When there are no restrictions, min_samples_leaf=1 is the default, meaning that leaves may consist of unique samples (prone
to overfitting). Increasing min_samples_leaf reduces variance. If min_samples_leaf=8, all leaves must contain eight or more samples. Testing a range of values for min_samples_leaf requires going through the same process as before. Instead of copying and pasting, we write a function that displays the best parameters, training score, and test score using GridSearchCV with DecisionTreeRegressor(random_state=2) assigned to reg as a default parameter:

In [35]:
X_train.shape

(548, 12)

In [37]:
def grid_search(params, reg_model = DecisionTreeRegressor(random_state=2)):
    grid_reg = GridSearchCV(reg_model, params, scoring='neg_mean_squared_error', cv=5, n_jobs=-1)
    grid_reg.fit(X_train, y_train)
    best_params = grid_reg.best_params_ 
    print("Best params:", best_params) 
    best_score = np.sqrt(-grid_reg.best_score_) 
    print("Training score: {:.3f}".format(best_score))
    y_pred = grid_reg.predict(X_test) 
    rmse_test = mean_squared_error(y_test, y_pred)**0.5
    print('Test score: {:.3f}'.format(rmse_test))
    


In [38]:
grid_search(params={'min_samples_leaf':[1, 2, 4, 6, 8, 10, 20, 30]})

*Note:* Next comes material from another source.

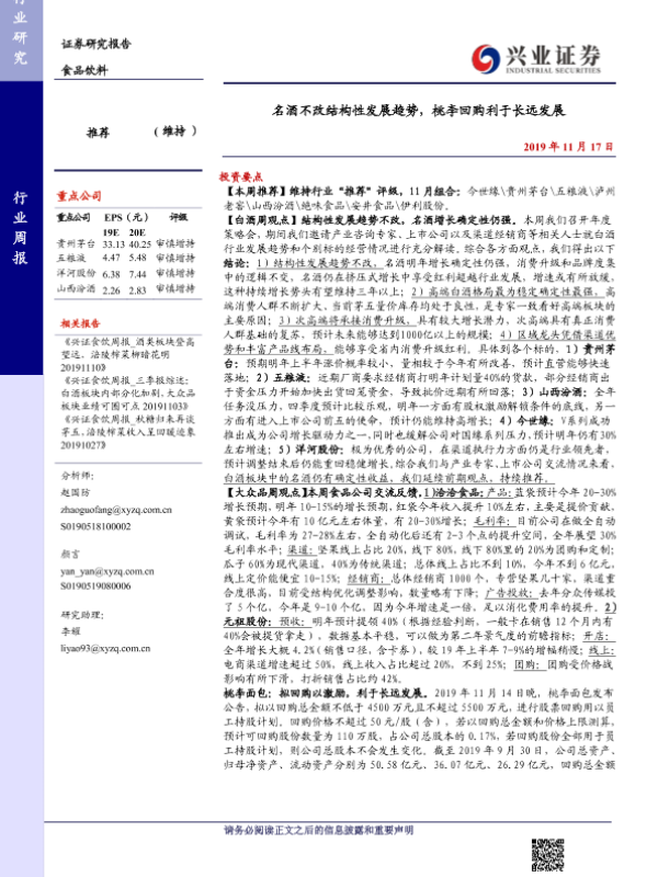 【兴业证券】【20191117】20191117-兴业证券-食品饮料行业周报:名酒不改结构性发展趋势,桃李回购利于长远发展-17页 行业研究
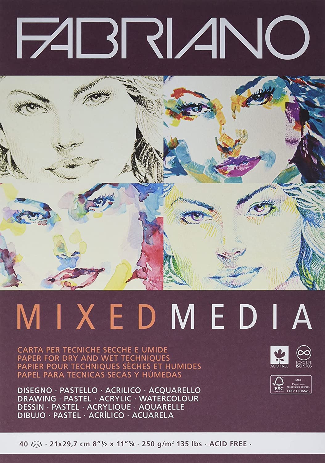 Los blocs Fabriano Mixed Media son un producto versátil y polivalente que combina las características de los papeles de acuarela y acrílico con las de los papeles de dibujo.

Best params: {'min_samples_leaf': 8}
Training score: 895.733
Test score: 836.326


Since the test score is better than the training score, variance has been reduced. What happens when we put min_samples_leaf and max_depth together? Let's see:

In [39]:
grid_search(params={'max_depth':[None,2,3,4,6,8,10,20],'min_samples_leaf':[1,2,4,6,8,10,20,30]})

Best params: {'max_depth': 6, 'min_samples_leaf': 2}
Training score: 870.396
Test score: 913.000


The result may be a surprise. Even though the training score has improved, the test score has not. min_samples_leaf has decreased from 8 to 2, while max_depth has remained the same. This is a valuable lesson in hyperparameter tuning. Hyperparameters should not be chosen in isolation. As for reducing variance in the preceding example, limiting min_samples_leaf to values greater than three may help

In [40]:
grid_search(params={'max_depth':[6,7,8,9,10],'min_samples_leaf':[3,5,7,9]})

Best params: {'max_depth': 9, 'min_samples_leaf': 7}
Training score: 888.119
Test score: 878.538


##### We have seen how hyperparameters can help improve an algorithms performance on test data.